Because the aircraft was American-made, the United States National Transportation Safety Board (NTSB) had observer status for the investigation. United States Federal Aviation Administration, Boeing and Pratt & Whitney Canada also sent their representatives to assist the investigators.

Both the cockpit voice recorder (CVR) and flight data recorder (FDR) were recovered from the crash site on 4 June in charred condition. The damage of the post-crash fire to the FDR was so severe that the digital tape of the recorder melted. Thus, the recorder failed to yield any information. However, the CVR memory card was still in good condition, despite its severely burnt casing. Nearly 31 minutes of conversation were recovered from the CVR.

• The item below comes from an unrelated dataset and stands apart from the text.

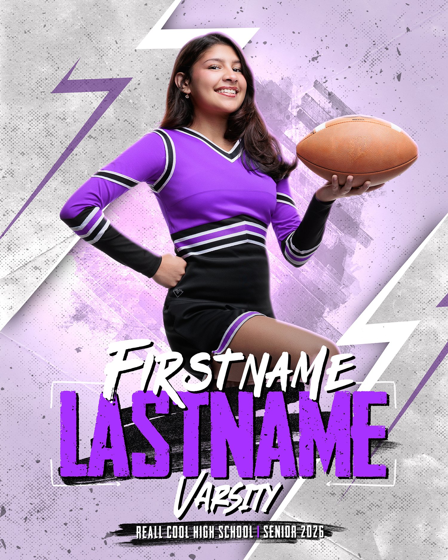 Bring energy to your athlete portraits with the CHARGED template. Designed with bold lighting, textured detail, and a high-impact layout, this template delivers a cinematic, poster-style look that feels powerful and alive. The lightning-inspired design and sharp color contrast make every athlete stand out like the hero of their own highlight reel.

One day after the crash, a top official from the Nigerian Aerospace Management Agency (NAMA) accused Dana Air of being ignorant even though the airline was aware that the crashed aircraft was not safe enough for passenger service. She alleged that the owner of Dana Air had prior knowledge of the aircraft being faulty yet the owner decided to "throw caution to the wind" and keep the aircraft in passenger service. Two other officials from NAMA further supported the claim, stating that Dana Air should be charged with murder as the crashed aircraft had history of multiple problems. Asked for confirmation on the claims, NAMA decided to deny the reports, stating that "it is not our responsibility to do so".

=== Engine failure ===
The crew of Flight 0992 had reported dual-engine failure just minutes before it crashed onto the packed residential area of Iju-Ishaga. Crash site inspection confirmed that both engines had not generated much power as the observed damage was consistent with low-to-no RPM at the time of impact. Further examination was therefore needed to confirm the source of the failure. As the engines were overhauled by the Miami-based Millenium Engine Associates Inc, both engines were sent to the United States for a teardown.

During the teardown of both engines, investigators discovered several fractures in the fuel lines of the left engine. The fuel feeder lines had fractured flush, exhibiting shear lips. The primary fuel manifold had bent downwards. The secondary fuel manifold had twisted. Its fuel transfer tube had nearly blocked the flow of the fuel, reducing the diameter of the fuel nozzle. On the right engine, the secondary fuel manifold had collapsed and there were fractures on the primary fuel manifold. The fuel lines of both engines had also fractured and bent on its fittings, the No.5 and No.6 fittings.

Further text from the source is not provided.